How To Build A Good Credit Score
Your credit score in some ways is meant to be a snapshot of
your overall financial habits - especially your habits
surrounding debts and other financial responsibilities.
Developing some good financial habits can help your credit
score by putting you in a good financial position.
Good financial habits will ensure that you don’t get into
too much debt and that you are able to meet your financial
duties easily. There are a few financial habits that are
especially credit-friendly:
Tip #41: Learn to budget
One of the biggest reasons that people develop poor credit
is overspending. In many cases, this overspending is
caused by a lack of budget. A budget can tell you how
much you should be spending on each item in your life.
This allows your financial life to stay nicely
organized.
Contrary to popular belief, a budget does not have to be
constricting or boring or complicated. Simply note how
much you earn each month, and on a piece of paper, write down
how much you really need to spend on savings, rent, utilities,
food, personal care, transportation, spending money,
entertainment, hobbies, education, and other items. Make
sure that you account for every expense.
Then, simply commit yourself to spending that particular
amount on each item on your list. Of course, some
expenses on your list will change each month - you may spend
more on heating bills in the winter than in the summer, for
example - but estimating can help ensure that you can meet all
your financial responsibilities.
Tip #42: Live within your means
Many people believe that if they only had more money, they
would not have to worry about credit. In fact, this is
not true.

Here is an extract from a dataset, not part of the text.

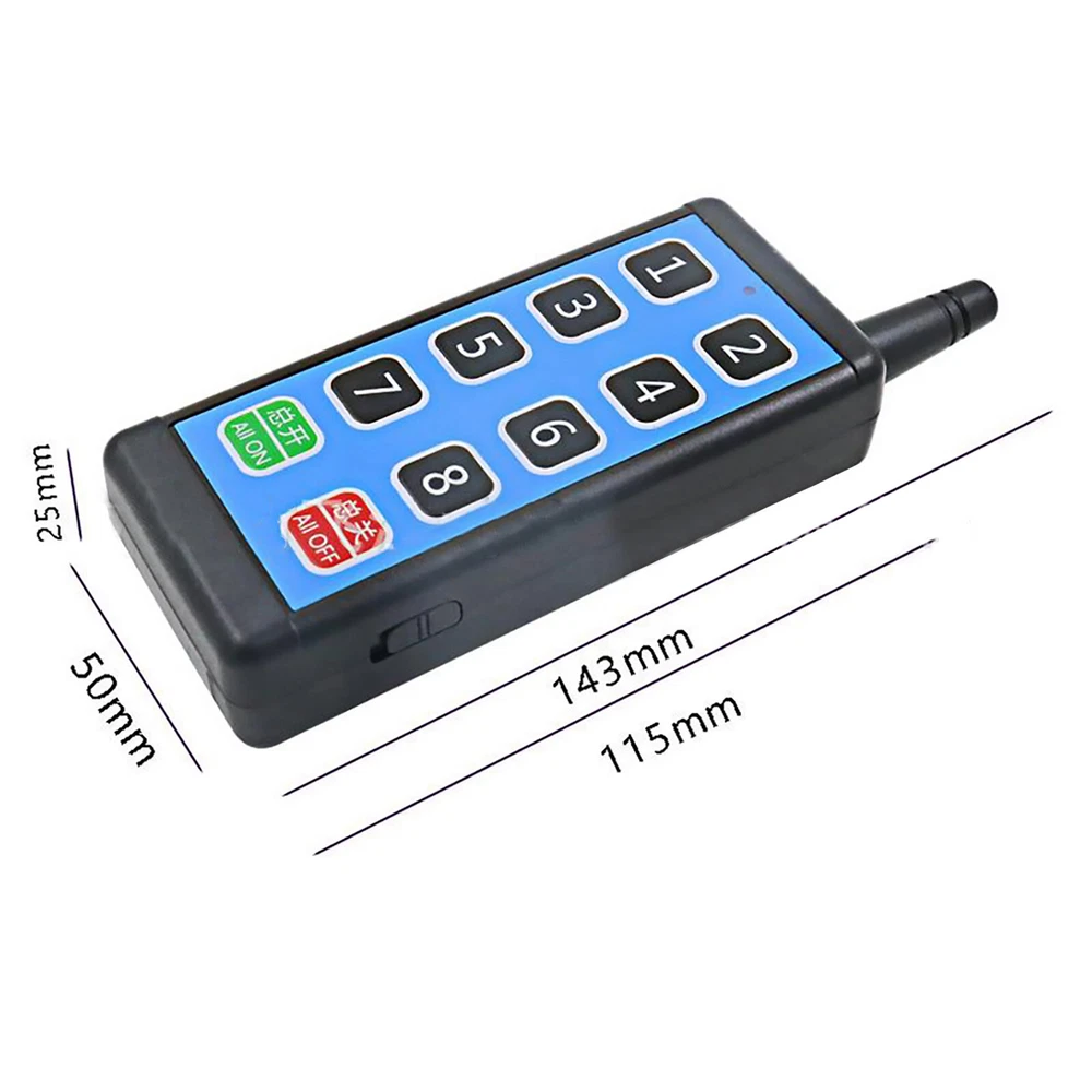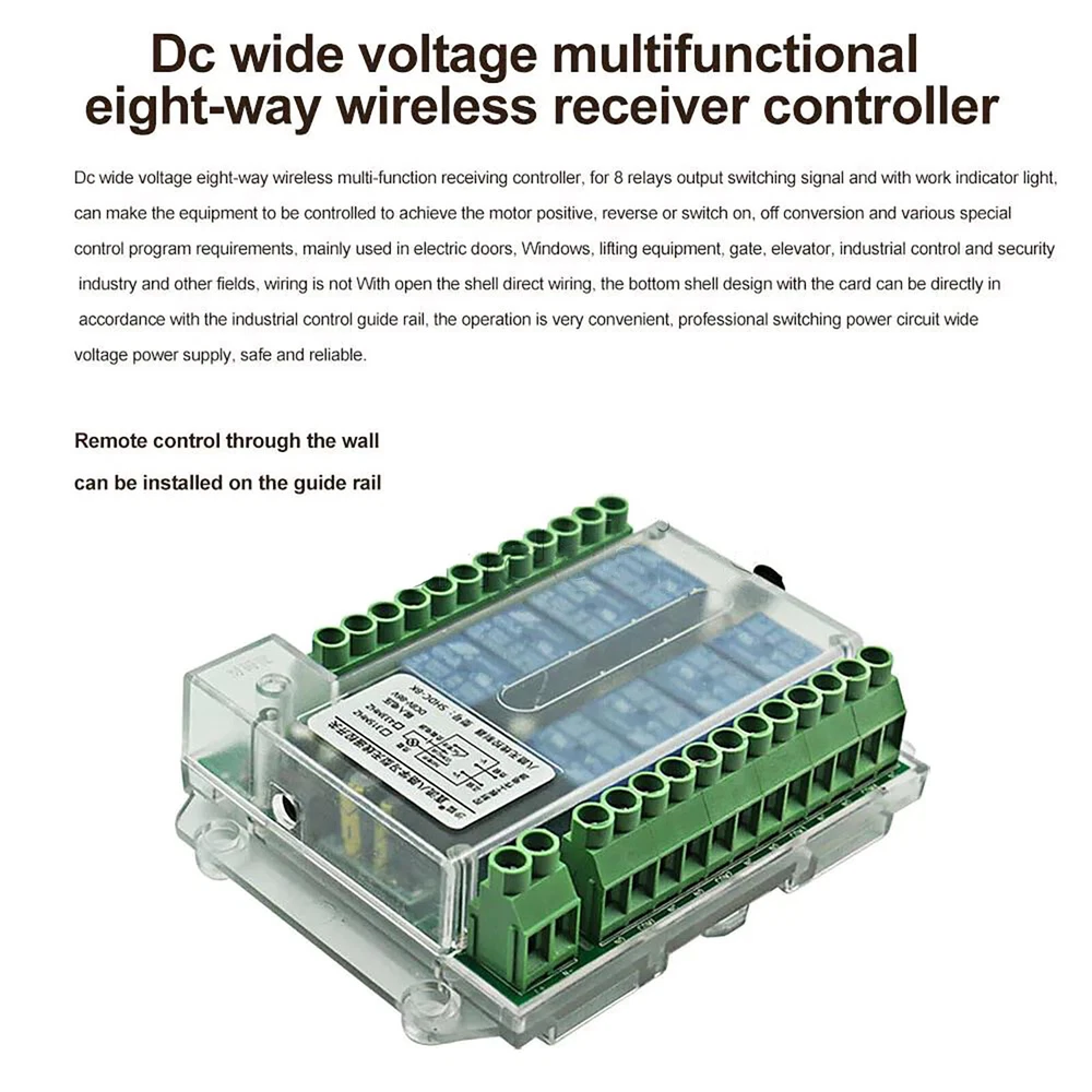 Product Description Features: 1. Compact Product, With Working Indicator Light 2. Simple Operation, Wiring Without Disassembling The Shell Direct Wiring 3. Wide Voltage Power Supply, Safe And Reliable, Stable Performance, Low Power Consumption 4. Loss Of Remote Control, Can Clear The Information Stored In The Acceptance Of The Controller 5. Wide Range Of Use: Applied To Electric Doors, Windows, Lifting Equipment, Gates, Elevators And Other Fields Specifications: Working Voltage: DC8-86V Operating Temperature: -10℃-+55℃ Coding Mode: Learning Type Controller Size: 120mm* 90mm* 35mm Remote Control Battery: 2* AAA Battery(Not Included) Operating Frequency: 433mhz Maximum Current: 10A Remote Control Distance: 100m-200m Working Mode: Mode 1: Tap Mode 2: Self-Locking Mode 3: Interlock Mode 4: 1. 2. 3. 4-Way Tap 5. 6. 7. 8 Self-Locking Mode 5: 1. 2-Way Tap, 3. 4-Way Self-Locking, 5. 6-Way Interlocking, 7.8-Way Interlocking Mode 6: Tap + Total Open Mode 7: Self-Locking + ALL ON ALL OFF Explanation Of Mode Output: Self-Locking: Press The Same Remote Control Button, Press It Once, The Relay Will Absorb, Press It Again, The Relay Will Turn Off. Interlocking: Press The Remote Control 1 Key, One - Way Relay Will Be Engaged (The Other Way Will Be Closed), Press The Remote Control 2 Key, Two - Way Relay Will Be Engaged (The Other Way Will Be Closed). Tap: Press The Remote Control "1" Key, The Relay Will Absorb, Release The Remote Control "1" Key, The Relay Will Turn Off. If You Keep Pressing The Remote Control "1" Key, The Relay Is Always Active, When To Let Go Of The Remote Control, When The Relay Is Off. +: Connect To The Positive Terminal Of The Power Supply -: Connect To The Negative Pole Of Power Supply Nc: Normally Closed Terminal Com: Common Terminal No: Normally Open Terminal Learning Code: 1. Mode 1 (Pointing) Learning Method: Press The Control Panel Code Button Once, Wait For The Led Indicator To Light Up And Then Press Any Key Of The Remote Control That Needs To Be Coded, And The Led Indicator Of The Control Panel Will Blink 3 Times In A Row For The Code To Be Successfully Coded. 2. Mode 2 (Self-Locking) Learning Method: Continuously Press The Control Board 2 Times To The Code Button, Wait For The Led Indicator Is Lit, Press Any Key Of The Remote Control That Needs To Be Coded, The Control Board Led Indicator Blinks 3 Times In A Row To The Code Successfully. 3. Mode 3 (Interlock) Learning Method: Continuously Press The Control Board 3 Times To The Code Button, Wait For The Led Indicator Is Lit, Press Any Key Of The Remote Control That Needs To Be Coded, The Control Board Led Indicator Blinks 3 Times In A Row To The Code Successfully. 4. Mode 4 (Point + Self-Locking) Learning Method: Continuously Press The Control Board 4 Times The Code Button, Wait For The Led Indicator Light Up And Then Press Any Key Of The Remote Control Need To Code, The Control Board Led Indicator Flashes 3 Times To Code Successfully. 5. Mode 5 (Tap + Self-Locking + Interlocking) Learning Method: Continuously Press The Control Board 5 Times The Code Button, Wait For The Led Indicator Light Up And Then Press Any Key Of The Remote Control That Needs To Be Coded, The Control Board Led Indicator Flashes 3 Times In A Row To The Code Successfully. 6. Mode 6 (Tap+Total) Learning Method: Press The Control Panel Code Button 11 Times In A Row, Wait For The Led Indicator To Light Up And Then Press Any Key Of The Remote Control That Needs To Be Coded, The Led Indicator Of The Control Panel Will Flash 3 Times In A Row And The Code Will Be Successfully Coded. 7. Mode 7 (Self-Locking + ALL ON ALL OFF) Learning Method: Continuously Press The Control Board 12 Times To Code Button, And So On The Led Indicator Light, Light, Press Any Key Of The Remote Control That Needs To Code, The Control Board Led Indicator Blinks 3 Times In A Row To Code Successfully. Clear Data Press The Learning Button On The Control Board For 11 Consecutive Times, It Will Automatically Clear All The Remote Controls That Have Learned The Code. After Clearing, The Original Remote Control Will No Longer Be Controlled. Packege Included: 1* Relay Module 1* Remote Control Payment Shipping Returns Contact Us We accept all verified payments from ebay. Orders will be shipped after receiving cleared payment. Payment due within 7 days after auction ends and for buy it now listings. We ship most of our orders within 24 hours, and may up to 48 hours for. If you want faster shipping way. Please contact us before making payment. Sometimes due to problems with our transportation company system, your shipping information may be delayed to update. We recommend that you try again after 3-4 days. If you still haven't checked the shipping information, you can contact us by ebay message. Always believe we can figure things out with communication, if it comes to return, the pacakge must be intact and the same as you receive. If you have any questions, please feel free to email our service specialists 24 Hours a Day, 7 Days a Week. We will reply you ASAP. Return/refund is accepted within 30 days after the buyer receives the item. NO exchange will be accepted after 30 days from the date when the item is received. Please contact us first before returning your product!!! If you have any questions, our Customer Service staffs welcome you to email us. We strive to answer all questions and resolve any problems as quickly as possible. You can contact us 7*24, we will reply at the first time, and we will surely solve your problems. Note: 1.We try our best to reply to your emails as soon as possible, however, due to high volume of daily incoming emails and time zone difference, we may not be able to reply your emails immediately. Please allow 1 business days for us to response. If you do not receive any reply from us, please check your email ensuring your mailbox has not reached full size. 2.Due to some ISP SPAM filter settings, you may not be able to receive our replies; if you have problems re

Many people who have money - or at least have
all the trappings of money, including cars and nice homes - in
fact have terrible credit.
The secret of this is that it is not your income that
decides whether you are a good credit risk or a bad one but
rather how you handle money. You could be earning $7 per
hour and still paying your bills and meeting your financial
responsibilities - in which case you will have terrific
credit.
You could also be earning $300 000 a year and be in terrible
debt and financial shape due to unpaid bills and excessive
debt. The best way to ensure that you have a good credit
rating - no matter what your income - is to spend less than you
earn. That means living below your means. If you
have a very small income, you may need to live with roommates
in order to keep costs down. If you have a medium-sized
income, that may mean saving more and entertaining
less.
You may be interested to note that your income is not a
factor in determining your credit score. Although your
past and current employers are listed on your credit report -
and although lenders may be able to guess your financial status
from your loan amounts - your income does not count.
This means that if you won the lottery today or suddenly
inherited a large sum, your credit score would not
increase. With your credit rating, what matters is how
you manage your money, not how much you make.